## [EXERCISE BRIEF]
Exclude images; transcribe the rest of the data exactly.

## [THE DATA]

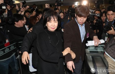 [사진] 빙상계 성폭력 관련 기자회견 마친 손혜원-여준형
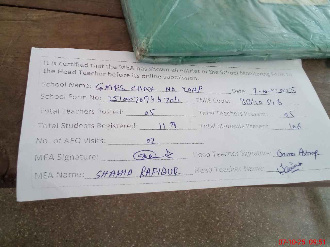 | EMIS Code: 31340646 | Name of School: GMPS CHAK NO.20/NP | |||
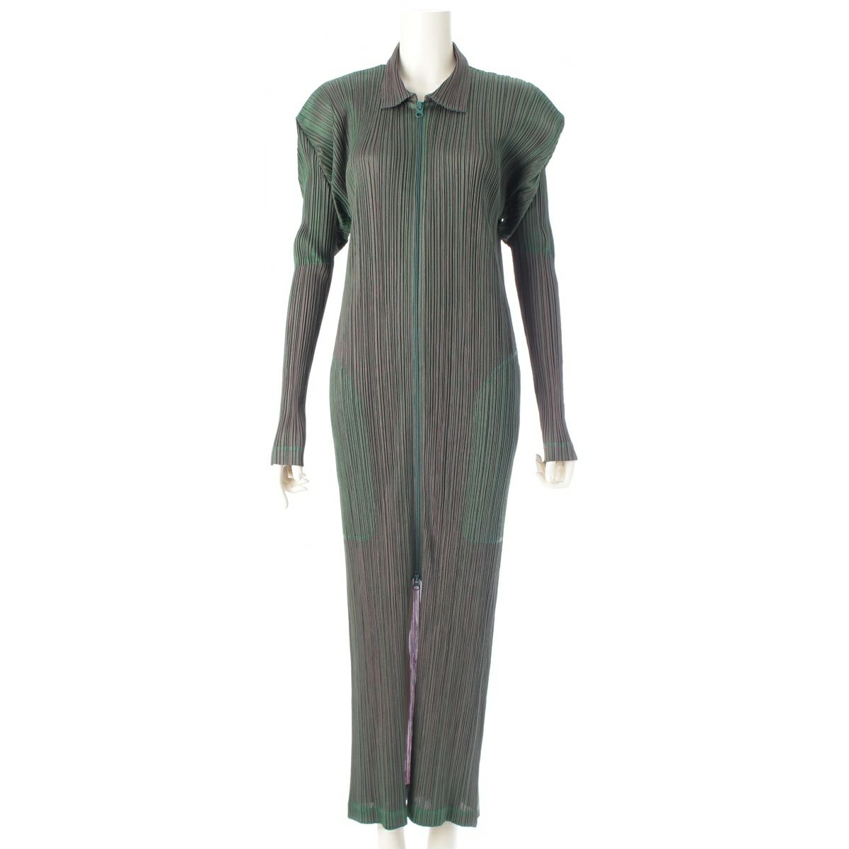 プリーツプリーズ ジップアップ ロング カーディガン ワンピース 長袖 PP14-JA575 グリーン ピンク 5
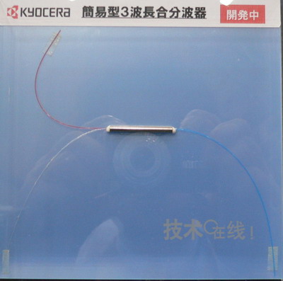 京瓷正在開發(fā)結(jié)構(gòu)比原來更為簡單的3波長合波分波器,并在“CEATEC JAPAN 2007”展會上參考展出了試制品?!伴_發(fā)基本結(jié)束,目前已進入質(zhì)量評估階段。目標是2008年內(nèi)實現(xiàn)投產(chǎn)”(解說員)。通過簡化結(jié)構(gòu),成本可降至原來的一半左右。
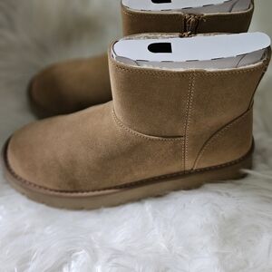 Chic and versatile tan booties. Soft suede finish. Ideal for casual wear.
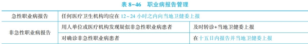 4.職業(yè)病報(bào)告管理 按照《中華人民共和國(guó)職業(yè)病防治法》的要求,用人單位和醫(yī)療衛(wèi)生機(jī)構(gòu)發(fā)現(xiàn)職業(yè)病患者或者疑似職業(yè)病患者時(shí),應(yīng)當(dāng)及時(shí)向所在地衛(wèi)生行政部門(mén)報(bào)告。
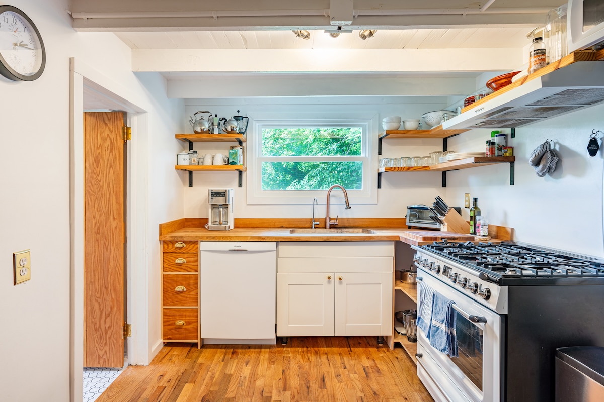 Last Minute Cottage er en koselig, nylig oppdatert FRISTÅENDE studioleilighet i en ombygd garasje fra 1940-tallet! Den ligger praktisk til fire kvartaler fra populære Haywood Road og alle West Asheville-butikkene, restaurantene og barene den har å tilby. Har du lyst til å komme deg ut? French Broad River, Carrier Park og Greenway ligger bare 1/2 mile unna. Enkel tilgang til å flyte eller spasere langs elven! Hytta ligger også praktisk til bare to miles fra sentrum og bare én mile fra River Arts District.
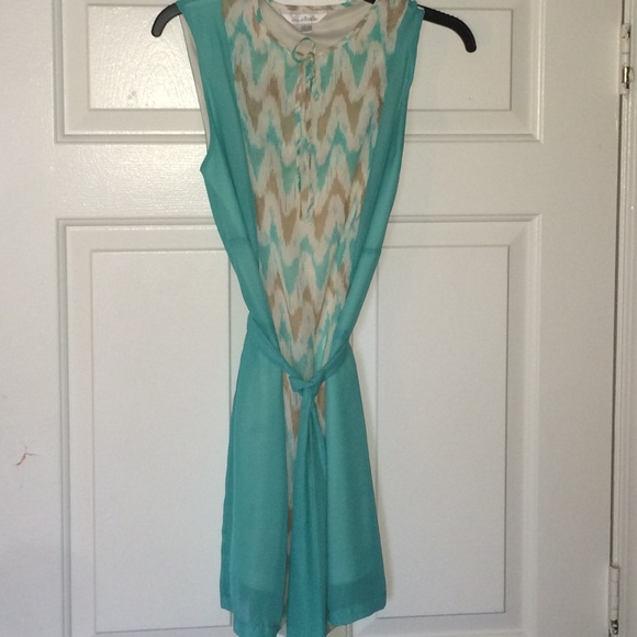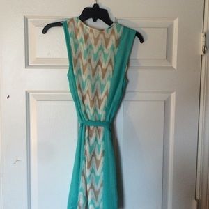 Charming Charlie Seafoam Green/Tan Chevron Dress
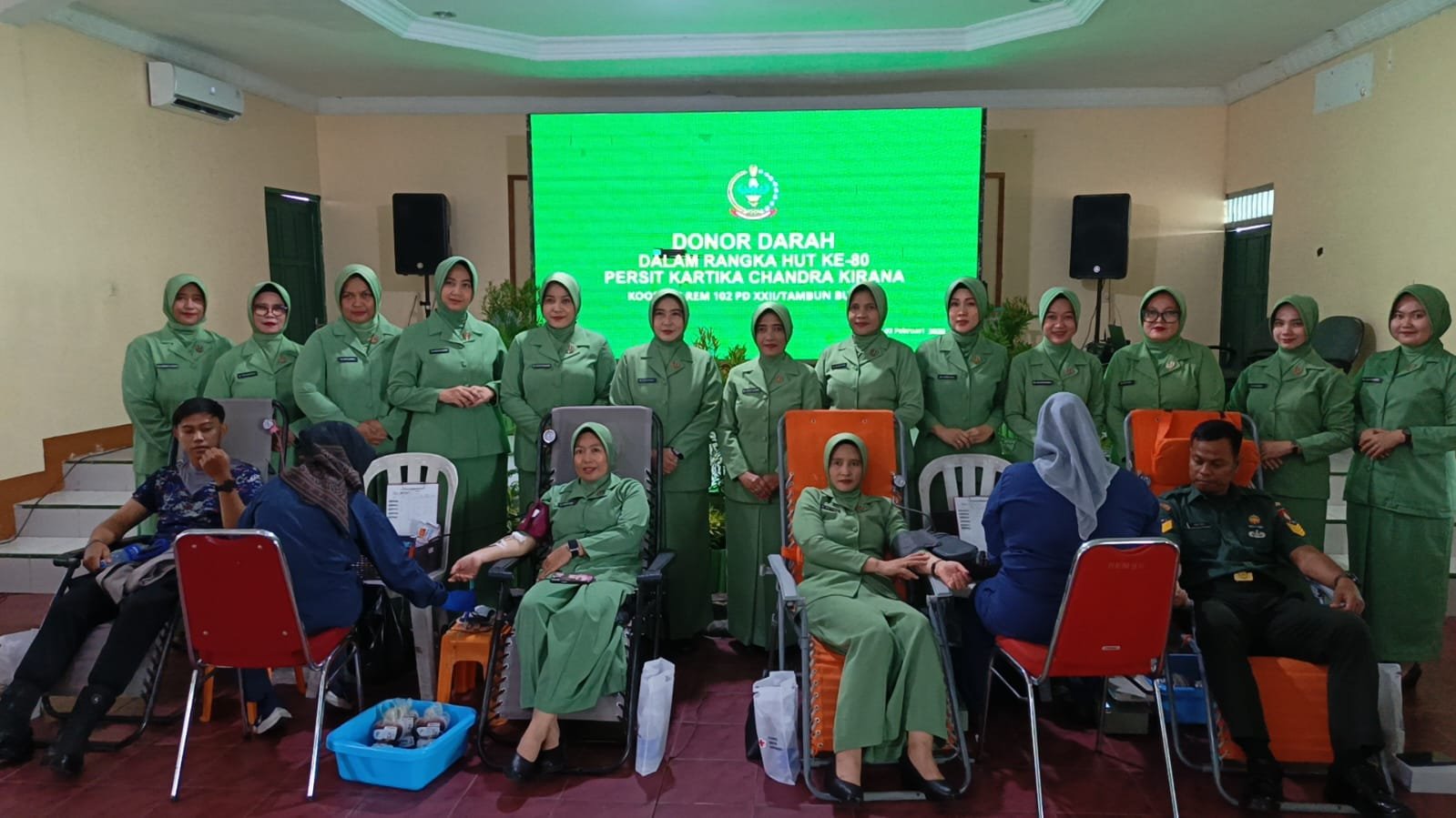 Kotawaringin Timur – Korem 102/Pjg Bersama Kodim 1015/Sampit Gelar Bakti Sosial Donor Darah dalam rangka menyambut HUT Persatuan Istri Prajurit (Persit) Ke 80 yang dilaksanakan di Aula Jendral Sudirman Makorem 102/Pjg, Selasa(03/01/2026)

## [WORKED SOLUTION]
 [사진] 빙상계 성폭력 관련 기자회견 마친 손혜원-여준형
 | EMIS Code: 31340646 | Name of School: GMPS CHAK NO.20/NP | |||
 プリーツプリーズ ジップアップ ロング カーディガン ワンピース 長袖 PP14-JA575 グリーン ピンク 5
 京瓷正在開發(fā)結(jié)構(gòu)比原來更為簡單的3波長合波分波器,并在“CEATEC JAPAN 2007”展會上參考展出了試制品?!伴_發(fā)基本結(jié)束,目前已進入質(zhì)量評估階段。目標是2008年內(nèi)實現(xiàn)投產(chǎn)”(解說員)。通過簡化結(jié)構(gòu),成本可降至原來的一半左右。
 Chic and versatile tan booties. Soft suede finish. Ideal for casual wear.
 4.職業(yè)病報(bào)告管理 按照《中華人民共和國(guó)職業(yè)病防治法》的要求,用人單位和醫(yī)療衛(wèi)生機(jī)構(gòu)發(fā)現(xiàn)職業(yè)病患者或者疑似職業(yè)病患者時(shí),應(yīng)當(dāng)及時(shí)向所在地衛(wèi)生行政部門(mén)報(bào)告。
 Last Minute Cottage er en koselig, nylig oppdatert FRISTÅENDE studioleilighet i en ombygd garasje fra 1940-tallet! Den ligger praktisk til fire kvartaler fra populære Haywood Road og alle West Asheville-butikkene, restaurantene og barene den har å tilby. Har du lyst til å komme deg ut? French Broad River, Carrier Park og Greenway ligger bare 1/2 mile unna. Enkel tilgang til å flyte eller spasere langs elven! Hytta ligger også praktisk til bare to miles fra sentrum og bare én mile fra River Arts District.
 Charming Charlie Seafoam Green/Tan Chevron Dress
 Kotawaringin Timur – Korem 102/Pjg Bersama Kodim 1015/Sampit Gelar Bakti Sosial Donor Darah dalam rangka menyambut HUT Persatuan Istri Prajurit (Persit) Ke 80 yang dilaksanakan di Aula Jendral Sudirman Makorem 102/Pjg, Selasa(03/01/2026)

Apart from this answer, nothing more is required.